Problem requirements: Starting at the line that contains "冰宮是在冰河下方挖的小隧道,走道邊有幾個" in the listing below, write out every line word for word until you have written the line that contains "Lyftu vatnslitunum þínum".

Material shown:
*** Begin section ***

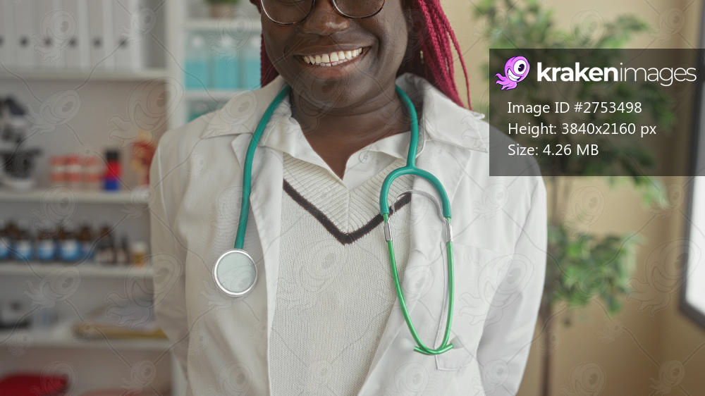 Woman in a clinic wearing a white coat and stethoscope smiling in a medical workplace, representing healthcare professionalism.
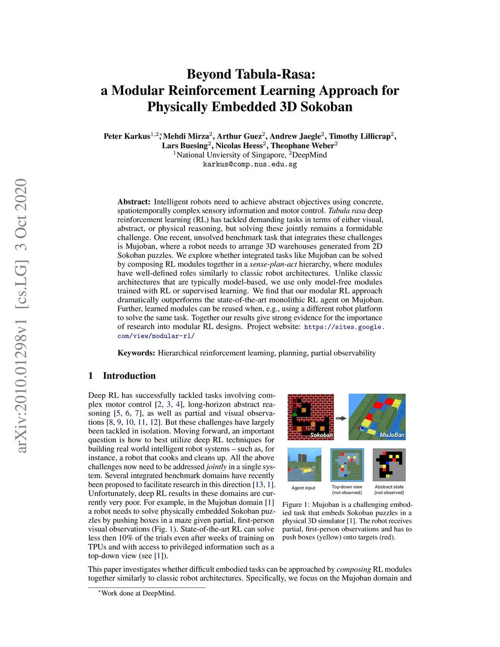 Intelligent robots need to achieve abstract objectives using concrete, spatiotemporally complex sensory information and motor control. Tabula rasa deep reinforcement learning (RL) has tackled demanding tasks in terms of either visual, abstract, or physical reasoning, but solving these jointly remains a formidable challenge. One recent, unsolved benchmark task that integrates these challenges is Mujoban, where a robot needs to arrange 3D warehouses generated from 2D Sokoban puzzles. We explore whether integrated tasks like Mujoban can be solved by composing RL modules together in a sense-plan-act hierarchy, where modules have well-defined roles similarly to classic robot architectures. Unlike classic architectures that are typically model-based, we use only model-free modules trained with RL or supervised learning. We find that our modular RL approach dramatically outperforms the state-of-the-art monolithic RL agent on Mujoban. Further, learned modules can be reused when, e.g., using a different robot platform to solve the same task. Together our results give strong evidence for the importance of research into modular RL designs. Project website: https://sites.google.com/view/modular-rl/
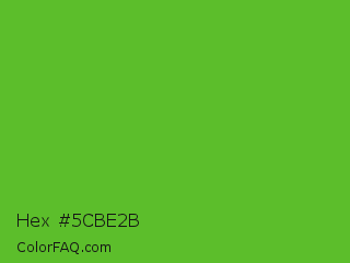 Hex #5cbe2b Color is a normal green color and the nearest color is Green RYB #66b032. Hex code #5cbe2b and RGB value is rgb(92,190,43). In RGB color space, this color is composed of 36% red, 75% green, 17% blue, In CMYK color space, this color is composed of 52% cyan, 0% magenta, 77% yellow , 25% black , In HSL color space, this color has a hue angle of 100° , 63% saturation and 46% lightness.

*** End section ***
*** Begin section ***

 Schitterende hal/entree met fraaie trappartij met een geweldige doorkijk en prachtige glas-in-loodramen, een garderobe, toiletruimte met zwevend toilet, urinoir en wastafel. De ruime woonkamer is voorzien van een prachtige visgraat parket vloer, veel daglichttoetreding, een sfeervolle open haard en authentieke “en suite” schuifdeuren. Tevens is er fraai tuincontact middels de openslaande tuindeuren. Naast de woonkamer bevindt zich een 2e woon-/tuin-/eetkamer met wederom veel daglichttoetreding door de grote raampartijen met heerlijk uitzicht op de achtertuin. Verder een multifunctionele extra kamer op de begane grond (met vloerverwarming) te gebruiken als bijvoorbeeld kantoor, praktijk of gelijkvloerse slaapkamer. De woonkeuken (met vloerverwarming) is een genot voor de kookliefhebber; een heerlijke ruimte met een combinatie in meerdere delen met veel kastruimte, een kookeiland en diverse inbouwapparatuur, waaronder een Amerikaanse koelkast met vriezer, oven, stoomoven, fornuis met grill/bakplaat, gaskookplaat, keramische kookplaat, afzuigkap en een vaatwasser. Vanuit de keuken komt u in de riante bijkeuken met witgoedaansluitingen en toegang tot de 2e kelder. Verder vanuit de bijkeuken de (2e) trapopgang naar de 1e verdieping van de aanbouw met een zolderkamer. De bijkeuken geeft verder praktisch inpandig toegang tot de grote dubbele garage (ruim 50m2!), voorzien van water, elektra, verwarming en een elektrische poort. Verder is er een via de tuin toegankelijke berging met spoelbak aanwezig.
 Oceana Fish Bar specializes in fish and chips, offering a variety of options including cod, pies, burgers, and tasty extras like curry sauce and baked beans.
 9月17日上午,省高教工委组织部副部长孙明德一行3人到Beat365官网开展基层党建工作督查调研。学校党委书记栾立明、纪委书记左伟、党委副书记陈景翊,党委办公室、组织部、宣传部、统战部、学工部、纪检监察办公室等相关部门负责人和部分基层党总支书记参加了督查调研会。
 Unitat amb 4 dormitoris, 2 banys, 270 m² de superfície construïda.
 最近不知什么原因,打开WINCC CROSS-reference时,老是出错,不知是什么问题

*** End section ***
*** Begin section ***

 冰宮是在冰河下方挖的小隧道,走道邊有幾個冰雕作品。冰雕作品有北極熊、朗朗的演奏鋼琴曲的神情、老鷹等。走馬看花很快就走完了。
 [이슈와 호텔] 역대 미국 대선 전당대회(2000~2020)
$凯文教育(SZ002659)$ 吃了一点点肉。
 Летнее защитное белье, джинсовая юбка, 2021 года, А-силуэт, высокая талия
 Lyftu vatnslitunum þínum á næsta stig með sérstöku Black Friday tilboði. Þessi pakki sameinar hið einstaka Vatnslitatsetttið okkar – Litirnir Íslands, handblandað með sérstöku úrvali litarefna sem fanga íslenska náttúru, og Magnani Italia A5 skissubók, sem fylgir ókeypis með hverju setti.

*** End section ***

Output:
 冰宮是在冰河下方挖的小隧道,走道邊有幾個冰雕作品。冰雕作品有北極熊、朗朗的演奏鋼琴曲的神情、老鷹等。走馬看花很快就走完了。
 [이슈와 호텔] 역대 미국 대선 전당대회(2000~2020)
$凯文教育(SZ002659)$ 吃了一点点肉。
 Летнее защитное белье, джинсовая юбка, 2021 года, А-силуэт, высокая талия
 Lyftu vatnslitunum þínum á næsta stig með sérstöku Black Friday tilboði. Þessi pakki sameinar hið einstaka Vatnslitatsetttið okkar – Litirnir Íslands, handblandað með sérstöku úrvali litarefna sem fanga íslenska náttúru, og Magnani Italia A5 skissubók, sem fylgir ókeypis með hverju setti.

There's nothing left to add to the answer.